Zweites Vorurteil: Es dauert viel länger mit Tempo 30 durch die Stadt zu kommen – minimal! Sogar der ADAC hat bei Testfahrten auf einer 3,5 Kilometer langen Strecke eine etwa 2 Minuten längere Reisezeit festgestellt, andere Tests lagen bei 0 bis 1 Minute – alles Ergebnisse, die nicht volkswirtschaftlich relevant sind. Deshalb könnten wir uns eigentlich einig sein: wir tun was für die Sicherheit und fördern Tempo 30, statt überflüssige ideologische Grabenkämpfe zu führen.

Das Bundesverkehrsministerium lehnt weitergehende Änderungen der Straßenverkehrsordnung (außer den gerade beschlossenen) ab mit der Begründung: das würde die Kommunen in ihrer Entscheidungshoheit beschränken. Aber Fakt ist doch: Das starre Korsett der Straßenverkehrsordnung beschränkt auch jetzt die Entscheidungsfreiheit der Kommunen. Das wollen wir ändern mit dem Modellversuch, der weitere Möglichkeiten und Argumente für Temporeduzierungen liefern soll.

Damit treffen wir den Nerv vieler Kommunen und vor allem vieler Betroffener, die unter Lärm und Schadstoffen leiden.
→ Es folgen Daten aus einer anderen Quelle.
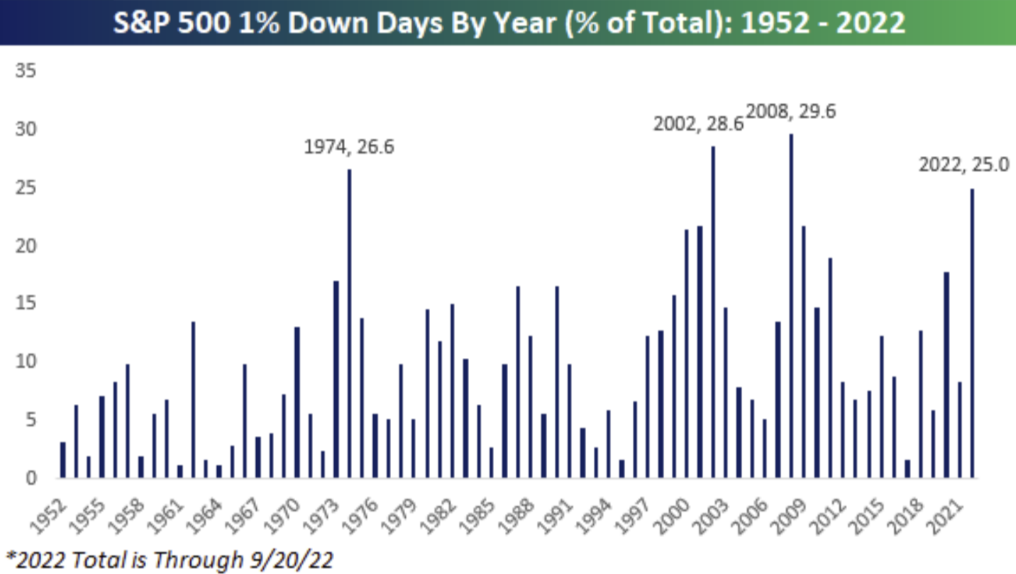 Year-to-date, we have almost seen an annual record of daily moves (%) greater than any other year since the early 1950s – 25% of the trading days thus far have had an intra-day swing of > 1%.
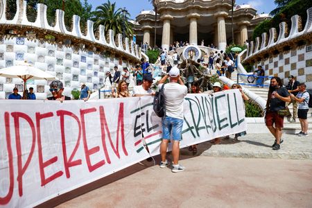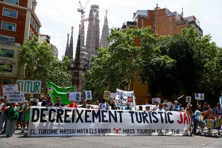 BARCELONA/MADRID (Reuters) -Thousands of people took to the streets of cities in southern Europe on Sunday to demonstrate against overtourism, firing water pistols at shop windows and setting off smoke in Barcelona, where the main protest took place.

Immer mehr Menschen wollen ihre Stadt für sich, nicht die Autos entwickeln – es geht um Lebensqualität! Das ist klare Rückmeldung, die wir vielfach erhalten. Deshalb bin ich der Überzeugung wir brauchen eigentlich viel mehr als Modellprojekt Tempo 30, was wir brauchen ist eine weitere Änderung der Straßenverkehrsordnung. Eine Änderung, die es den Kommunen und damit den Menschen vor Ort ermöglicht, selbst zu bestimmen, wie sie sich ihr Lebensumfeld wünschen.